Biden’s Semiconductor Plan Faces Hurdles as Major Chip Manufacturers Encounter Delays

President Joe Biden’s ambitious plan to boost domestic chip manufacturing, as outlined in the CHIPS Act signed in August 2022, is reportedly facing significant challenges, according to The New York Times. The $39 billion initiative aimed at increasing chip production in the United States is encountering hurdles from major chip manufacturers, including Taiwan Semiconductor Manufacturing Company (TSMC), Intel, and Microchip Technology.

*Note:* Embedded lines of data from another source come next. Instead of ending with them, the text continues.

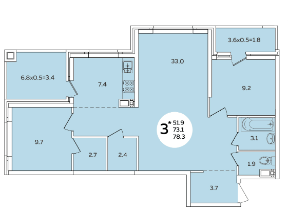 Продается 3-х комн. новостройка, 78 кв.м., 16/24 эт
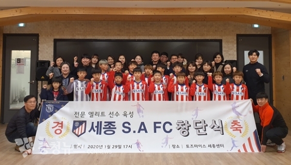 29일 나성동에스빌딩 4층에서 S.AFC U-12, U-15세 엘리트 축구클럽이 학생과 학부모 100여명이 참석한 가운데 창단됐다.
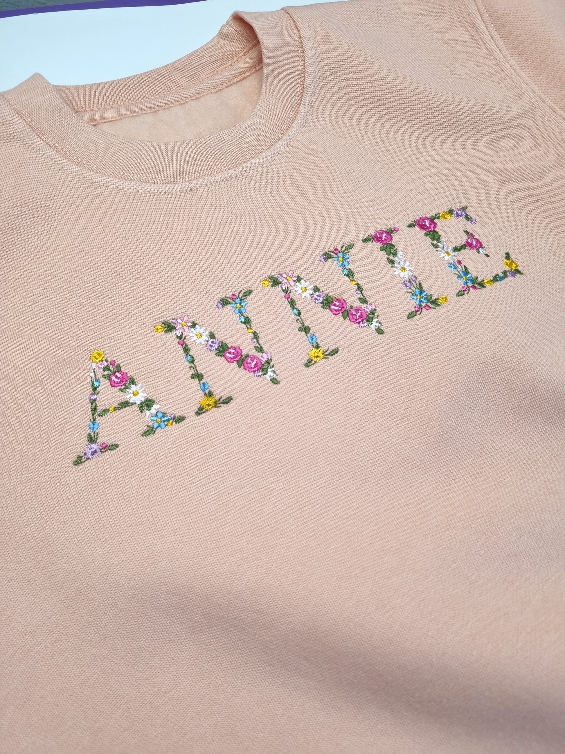 Children Personalised   Sweatshirt  with Floral name - Embroidery
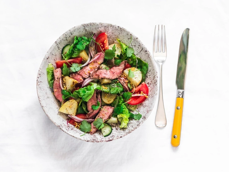 Обед: 100 г вареного мяса с 2 отварными картофелинами и 4 листьями салата

Building chip factories is a complex and costly process, requiring substantial funds and time. Challenges include worker issues, delays in construction schedules, and uncertainties about funding from the Biden administration. TSMC has postponed the completion of its first Arizona factory from 2024 to 2025 due to worker challenges, and the schedule for its second factory’s chip production has been pushed to 2027 or 2028 from the original target of 2026.

Intel’s $20 billion investment in two Ohio factories is now expected to be completed in late 2026 instead of the initially anticipated 2025, influenced by current market conditions. Microchip Technology has reportedly deferred its growth plans, including machinery purchases, until the semiconductor market stabilizes.

While there has been no outright failure in the program, observers stress the importance of seeing progress and actualizing the construction of these chip factories in the next few years for the initiative to be considered a success.

The Biden administration aims to bolster the semiconductor sector in the U.S. and reduce dependence on Chinese-made chips. The Commerce Department, responsible for overseeing the CHIPS Act, is set to distribute significant funds later in the year. However, there have been only three grants issued by the Commerce Department so far.

As the semiconductor plan faces challenges, its progress will likely become a focal point in Biden’s 2024 campaign. Requests for comments from the White House, Commerce Department, TSMC, Intel, and Microchip remained unanswered at the time of reporting.